▶ _DATA SUPPLIED_:
+--

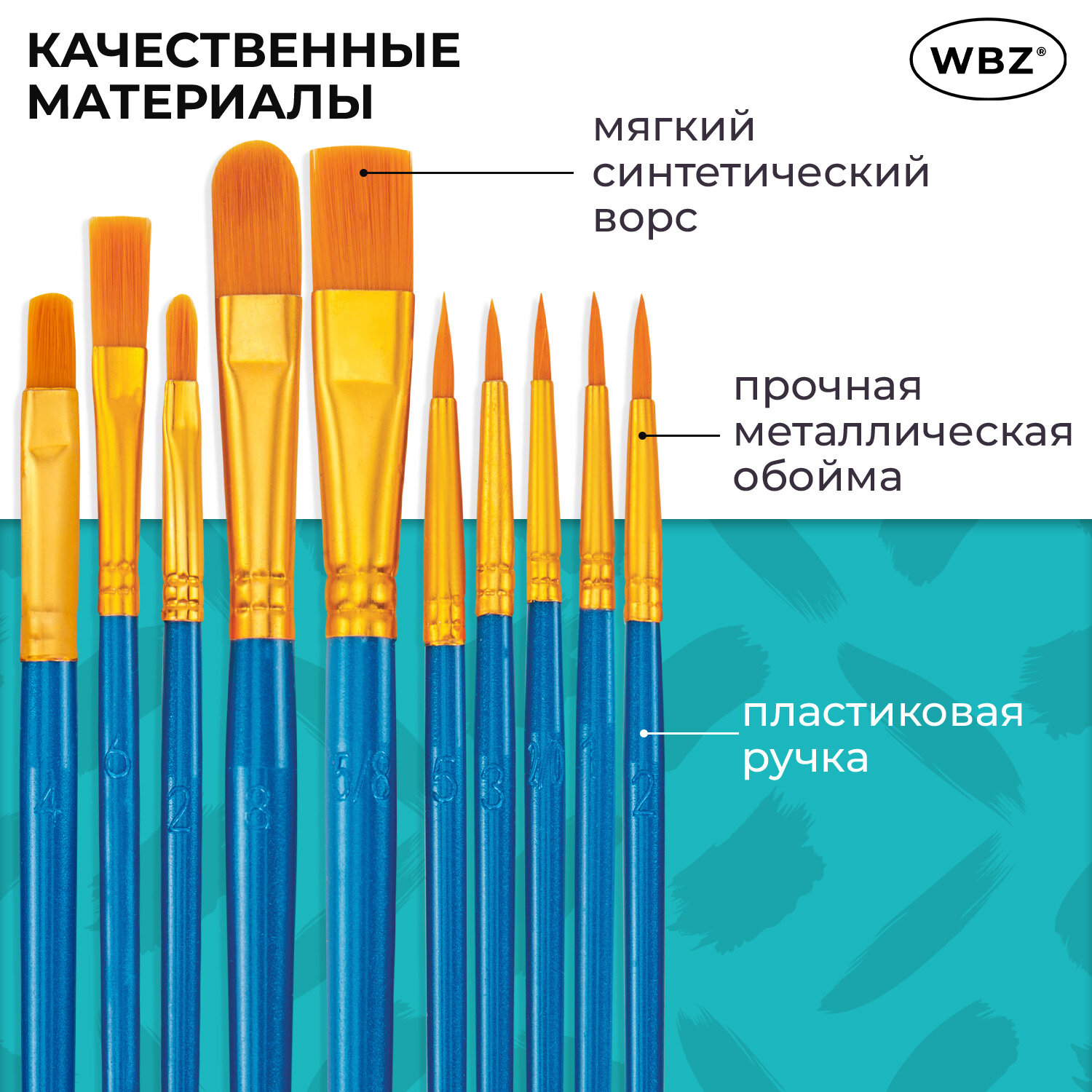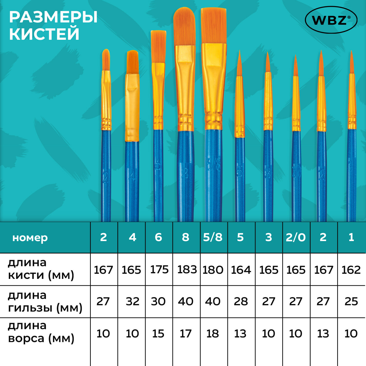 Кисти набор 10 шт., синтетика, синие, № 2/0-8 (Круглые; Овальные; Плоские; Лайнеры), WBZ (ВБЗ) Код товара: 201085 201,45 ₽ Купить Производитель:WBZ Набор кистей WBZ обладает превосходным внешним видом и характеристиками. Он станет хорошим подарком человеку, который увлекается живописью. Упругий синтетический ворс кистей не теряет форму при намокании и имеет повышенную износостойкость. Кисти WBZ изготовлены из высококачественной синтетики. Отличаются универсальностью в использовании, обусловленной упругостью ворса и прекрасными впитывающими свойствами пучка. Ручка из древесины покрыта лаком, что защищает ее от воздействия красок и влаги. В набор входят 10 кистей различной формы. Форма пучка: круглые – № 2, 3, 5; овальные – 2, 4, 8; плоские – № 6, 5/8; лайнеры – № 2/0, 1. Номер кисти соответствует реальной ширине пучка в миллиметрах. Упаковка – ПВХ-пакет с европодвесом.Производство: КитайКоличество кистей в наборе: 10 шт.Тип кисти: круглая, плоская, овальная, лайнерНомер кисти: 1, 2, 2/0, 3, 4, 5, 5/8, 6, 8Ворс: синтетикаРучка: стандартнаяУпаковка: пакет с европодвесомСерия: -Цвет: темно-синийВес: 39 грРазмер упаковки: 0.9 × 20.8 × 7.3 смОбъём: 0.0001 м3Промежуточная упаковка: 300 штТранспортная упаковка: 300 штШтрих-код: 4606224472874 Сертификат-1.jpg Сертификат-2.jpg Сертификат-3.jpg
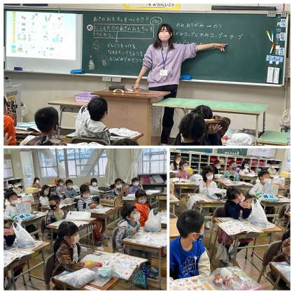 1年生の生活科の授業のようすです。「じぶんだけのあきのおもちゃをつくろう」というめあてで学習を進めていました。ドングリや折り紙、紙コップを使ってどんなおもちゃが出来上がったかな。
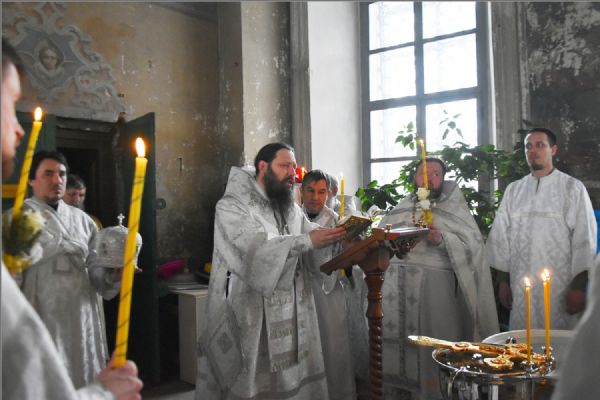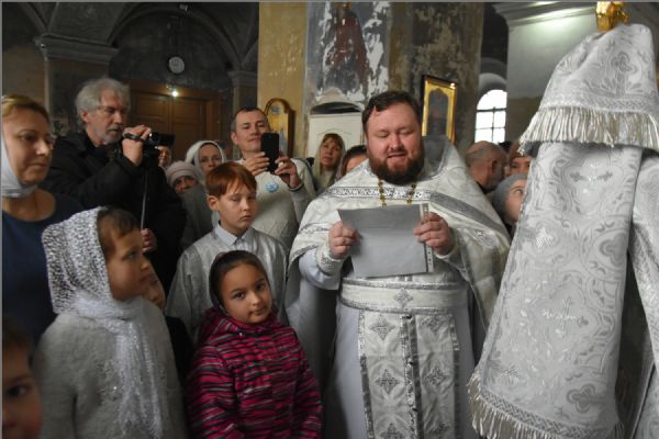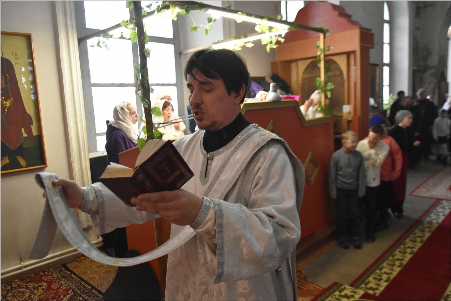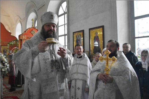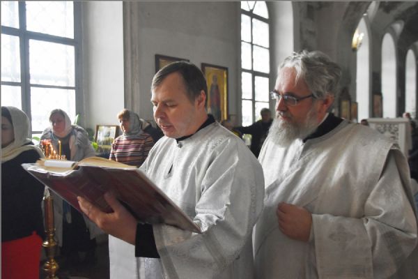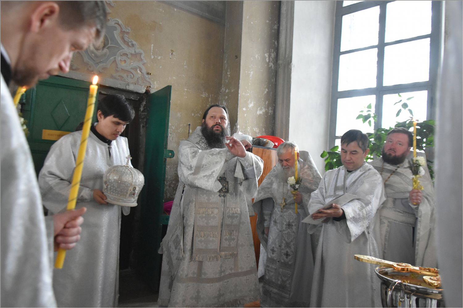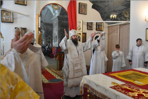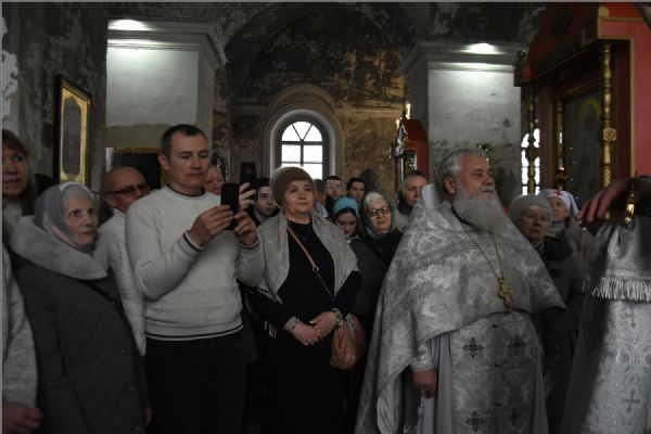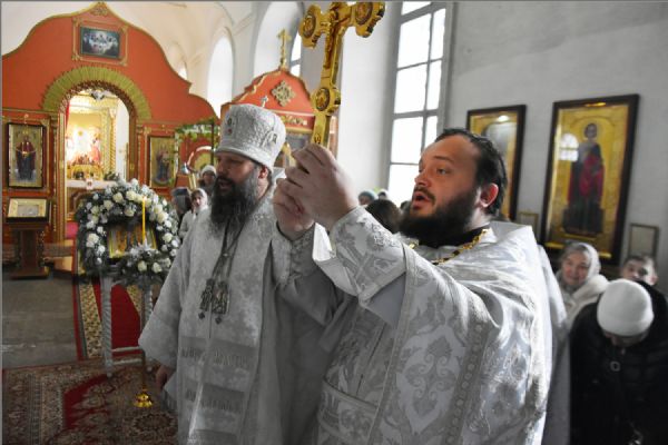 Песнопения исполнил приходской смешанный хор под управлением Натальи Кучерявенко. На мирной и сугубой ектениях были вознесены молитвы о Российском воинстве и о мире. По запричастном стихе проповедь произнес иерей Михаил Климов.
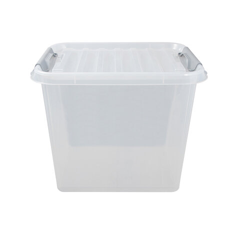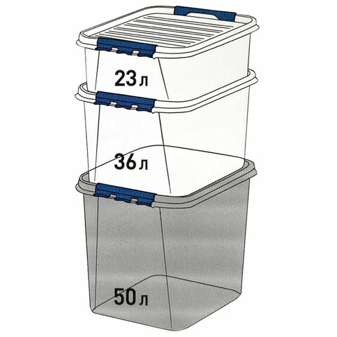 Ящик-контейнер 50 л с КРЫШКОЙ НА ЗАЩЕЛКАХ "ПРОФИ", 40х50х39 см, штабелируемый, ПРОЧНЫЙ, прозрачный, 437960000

+--

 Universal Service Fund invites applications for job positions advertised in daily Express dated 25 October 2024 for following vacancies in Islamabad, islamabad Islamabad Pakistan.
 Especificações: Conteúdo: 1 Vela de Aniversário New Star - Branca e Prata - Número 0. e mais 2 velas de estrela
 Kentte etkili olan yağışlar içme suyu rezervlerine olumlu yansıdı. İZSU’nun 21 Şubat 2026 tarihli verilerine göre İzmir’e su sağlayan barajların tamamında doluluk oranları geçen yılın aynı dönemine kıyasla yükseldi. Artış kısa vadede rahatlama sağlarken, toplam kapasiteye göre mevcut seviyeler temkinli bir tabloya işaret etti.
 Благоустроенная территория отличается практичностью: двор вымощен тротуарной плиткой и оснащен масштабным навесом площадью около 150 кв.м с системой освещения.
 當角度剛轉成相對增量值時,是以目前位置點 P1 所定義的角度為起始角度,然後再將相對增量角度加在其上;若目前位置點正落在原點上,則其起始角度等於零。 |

+--

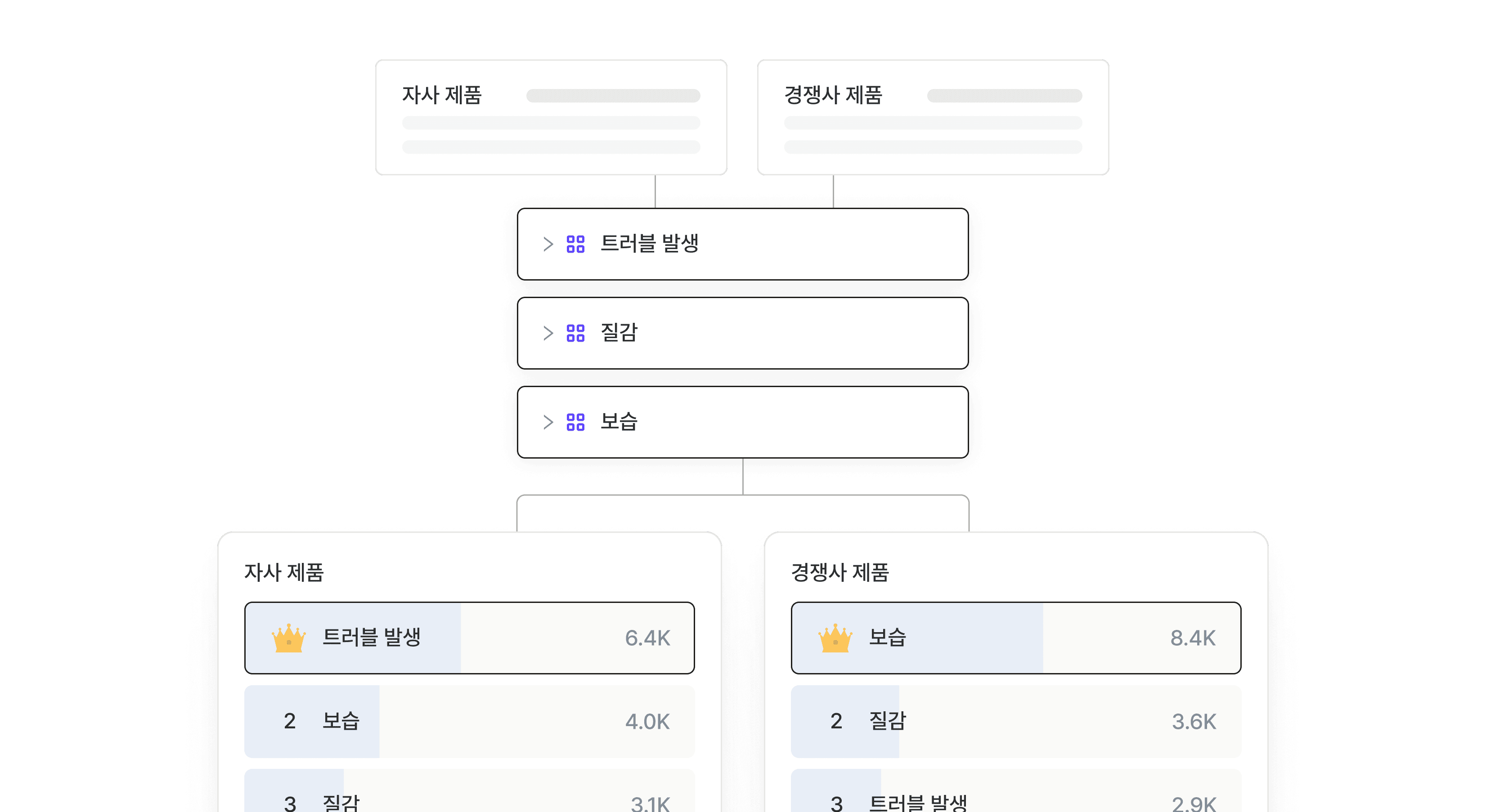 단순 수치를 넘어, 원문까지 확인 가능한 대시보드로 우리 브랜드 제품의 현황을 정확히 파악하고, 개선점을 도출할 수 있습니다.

+--

▶ _PROBLEM DESCRIPTION_: Reproduce word for word the material above, starting with the line that has "Kentte etkili olan" and stopping after the line that has "P1 所定義的角度為起始角度,然後再將相對增量角度加在其上;若目前位置點正落在原點上,則其起始角度等於零。 |".

▶ _RESPONSE TO THE EXERCISE_:
 Kentte etkili olan yağışlar içme suyu rezervlerine olumlu yansıdı. İZSU’nun 21 Şubat 2026 tarihli verilerine göre İzmir’e su sağlayan barajların tamamında doluluk oranları geçen yılın aynı dönemine kıyasla yükseldi. Artış kısa vadede rahatlama sağlarken, toplam kapasiteye göre mevcut seviyeler temkinli bir tabloya işaret etti.
 Благоустроенная территория отличается практичностью: двор вымощен тротуарной плиткой и оснащен масштабным навесом площадью около 150 кв.м с системой освещения.
 當角度剛轉成相對增量值時,是以目前位置點 P1 所定義的角度為起始角度,然後再將相對增量角度加在其上;若目前位置點正落在原點上,則其起始角度等於零。 |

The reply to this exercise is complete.